Cet aspect ésotérique est explicite au sous-sol de la galerie, et passe par une approche spectrale de l’enveloppe charnelle. Sylvie Fleury y présente cinquante cinq portraits « people » en couleurs — des acteurs de la scène de l’art contemporain, du cinéma ou de la mode —, réalisés selon un principe photothermique qui enregistre la chaleur émise par les corps. Retravaillées à l’ordinateur puis tirées sur toile ou sur support cibachrome, les images, d’une grande variété de tons (verts, oranges, jaunes, bleus, etc.) sont parfois menaçantes pour les modèles, tant les auréoles lumineuses qui les parcourent rongent les contours des visages et des corps.

De manière explicite ou détournée, distanciée ou moqueuse, la question du corps travaille l’ensemble de l’exposition selon des modes et des registres divers. De nombreuses pièces suggèrent sa présence, d’autres pointent sinon sa perte, du moins son retrait. Ainsi, d’une paire de menottes métallisées siglées Gucci au détournement, en forme de wall painting en néon bleu pastel, d’un slogan pour une crème de beauté (Exfoliate – Purify – Hydrate – Shield); des quartz, en forme de lampes lumineuses, dressés en autant d’emblèmes phalliques aux images photographiques hantées de fantômes et de spectres, Sylvie Fleury distille dans un décors à l’incontestable beauté plastique et visuelle une vision du corps ambiguë et glacée, où, à travers l’idolâtrie des objets, le spectateur est renvoyé à son propre comportement social, son fétichisme et son désir.

Sylvie Fleury
— Tapis Yoga Gucci, 2001-2002. Bronze. 143 x 55 x 2 cm.
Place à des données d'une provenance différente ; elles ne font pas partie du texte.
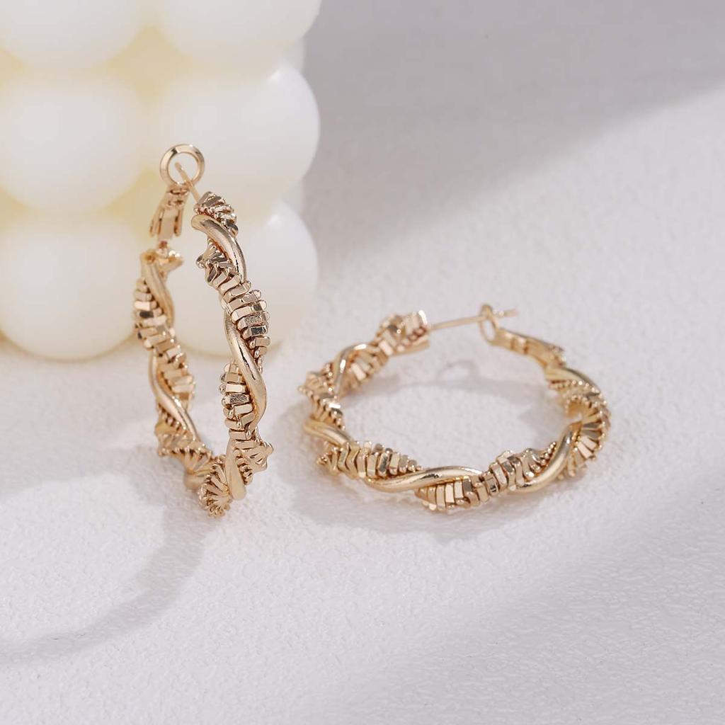 Модные витые золотые серьги «Темперамент» Женские модные витые круглые серьги Персонализированные геометрические серьги Flow
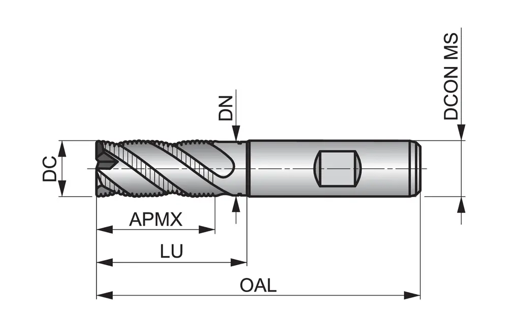 Черновая фреза короткой серии с асимметричным крупным шагом NRA и 4 канавками, диаметром 13 мм с длиной режущей части 26 мм, общей длиной 83 мм и вылетом 37,5 мм с затылком, в соответствии со стандартом DIN 844 K с хвостовиком Weldon 12 мм, порошковая металлургическая HSS-E с блестящей отделкой, углом подъема спирали 35° и передним углом 12° для фрезерования уступов, фрезерования пазов и врезания под углом в стали и стальном литье, ферритной, мартенситной и супераустенитной, дуплексной или дисперсионно-твердеющей нержавеющей стали, чугуна, меди или медных сплавов и жаропрочных сплавов

— Pendule Twenty-One, 2001. Métal. H. 130 cm, diam. 45 cm, chaîne 370 cm.
—Pendule Suisse 1, 2001-2002. Métal. H. 199 cm, diam. 50 cm.
— Pendule Suisse 2, 2001-2002. Métal. H. 160 cm, diam. 78 cm.
— Pendule Suisse 3, 2001-2002. Métal. H. 136 cm, diam. 45 cm.
— Menottes Gucci, 2001-2002. Métal doré.
— Exfoliate, 2001-2002. Néon bleu. 80 cm x 490 cm.
— Revive, 2001-2002. Néon bleu. 80 x 360 cm.
— Hydrate, 2001-2002. Néon bleu. 80 x 420cm.
— Soothe, 2001-2002. Néon bleu. 80 x 375 cm.
— Ligthen, 2001-2002. Néon bleu. 80 x 375 cm.
— Shield, 2001-2002. Néon bleu. 80 x 325 cm.
— Purify, 2001-2002. Néon bleu. 80 x 310 cm.
— Portraits Aura, 2002. Photographies sur toile. 84 x 63 cm.
— Portaits Aura, 2002. Photographies sur aluminium. 90 x 121 cm.
— Cristaux, 2001. Plexiglas, néon, support électrique. Taille variable.